Among children and adolescents, there always will be the athletes — the kids who love sports — who are in no danger of going to pot. It’s the rest of the under-18s that people worry about.

Between 1963 and 2003, the percentage of obese children in America ages 6 to 11 went up from 4.2 to 18.8. Among those 12-19, the percentage rose from 4.6 to 17.4 during that period, according to the National Center for Health Statistics. The numbers are based on a child’s body mass index, or BMI, a ratio of weight versus height.

“Kids are no longer in the parks out playing, no longer are they riding their bikes around with their buddies,” says Paul Reinisch, athletic director for the Troy City School District.

“Certain things that you would think that would be normal are lost arts — running technique, throwing a ball,” he adds. “You see in someone who’s 10 years old who hasn’t played games and run, they’re behind.
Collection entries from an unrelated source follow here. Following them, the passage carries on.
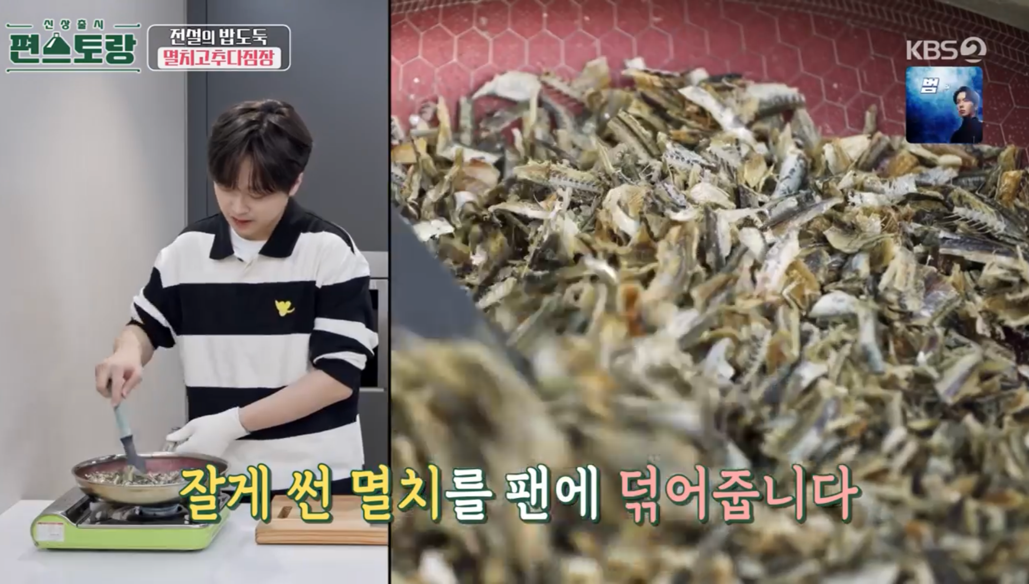 1. 마른 팬에 대가리와 내장을 제거한 멸치 60마리를 넣고 약불로 5분 정도 덖어 비린내를 날려준다.
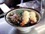 特上と呼ばれる海老が二匹、丼鉢の上で泳いでゐる。この驛の蕎麦には、どの品書きにも漏れなく「かしは肉」が付く。その甘い鶏肉エキスと、昆布出汁つゆの融合、海老天の歯触り、ふやけた衣。
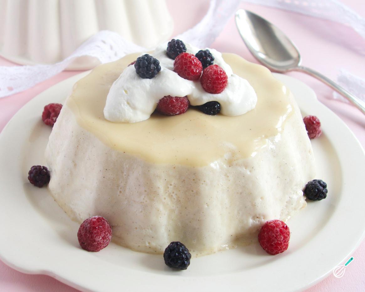 Seu pudim dos anjos, está pronto! Na hora de servir, pode decorar com frutos vermelhos ou com outra fruta que goste. Bom apetite!
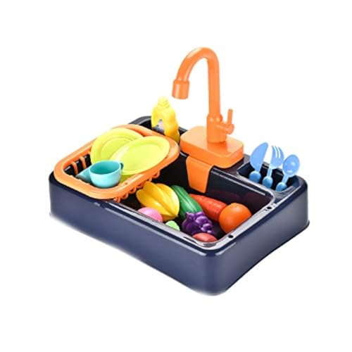 NIWWIN Pretend Play Kids Kitchen Sink Toys Set mit fließendem Wasser Lerngeschenke Jungen Mädchen Simulation Geschirrspüler Arbeitsarmatur & Abfluss Geschenke (Blau)

Running and throwing and basic gross motor skills are lacking.”

Blame more than the electronic age. A few years ago, kids routinely had the run of their streets, playing with neighbors until dinner time. Today, many parents worry that something bad could happen to their children. They keep a much tighter reign on their kids, arranging playdates and planned activities instead of letting them run around unsupervised.

“I don’t think kids are climbing trees or playing field games,” says Chuck Waterstram, gym teacher at Dorothy Nolan Elementary School in Wilton. “Their upper-body strength isn’t what it used to be. But I will say we’re very conscious of that.”

The issue is more than just kids who can’t throw. Nationally, more than 280,000 Americans die from obesity-related causes each year, according to the National Institutes of Health. Obesity leads to costly and life-changing illnesses such as diabetes and heart disease.

State Comptroller Thomas P. DiNapoli has called obesity a serious financial concern for New York, where obesity is said to cost the state $242 million a year in public and private medical expenses. More than a million young New Yorkers are said to be obese.

But schools are paying attention. The number of districts nationally that are spending money to improve physical education programs has grown from 43 percent in 2000 to 75 percent in 2006, according to a U.S. Centers for Disease Control and Prevention survey.

The issue is about more than just long-term health. Studies around the nation show that the more fit kids are, the better they do academically.

Locally, many school gym classes are reacting by spending less time on team sports like softball in favor of sports that keeps kids moving all the time
Dorothy Nolan, for instance, has installed a climbing wall, ropes and a cargo net in the gym.

“It’s not just a nice thing,” Waterstram says. “Aerobic fitness helps to grow brain cells. (Exercise) changes their biology to help them to learn.”

In the Bethlehem Central School District, gym teachers created soccer games with smaller teams, which gets the students running more often. They also teach “life skills” like ultimate Frisbee, golf, yoga, bowling, cross-country skiing, even ballroom dance.

“We don’t have students long enough to get them in shape,” says Fred Powers, the district’s supervisor of health and physical education. “We want to make sure they find a physical activity they have an interest in and hopefully continue that through life.”

Shenendehowa has even more choices — bocce, table tennis, self-defense, aerobics.
“There’s got to be something they like,” says Becky Carman, the district’s physical education administrator.

At Blue Creek Elementary in Colonie, gym teacher Reggie Daigle holds an early-morning walking club in the warmer weather. As many as 40 kids, plus some parents, have taken part.

In the end, though, advocates say parents need to get involved if they want to encourage exercise. And some do more than others.

Parent Justin Burns, whose two boys attend Blue Creek, says both kids like the walking program. Since the program began, they’ve also started going to a local gym with their father.

“It’s pretty early in the morning, but they get up,” he says. “They just can’t get enough exercise.”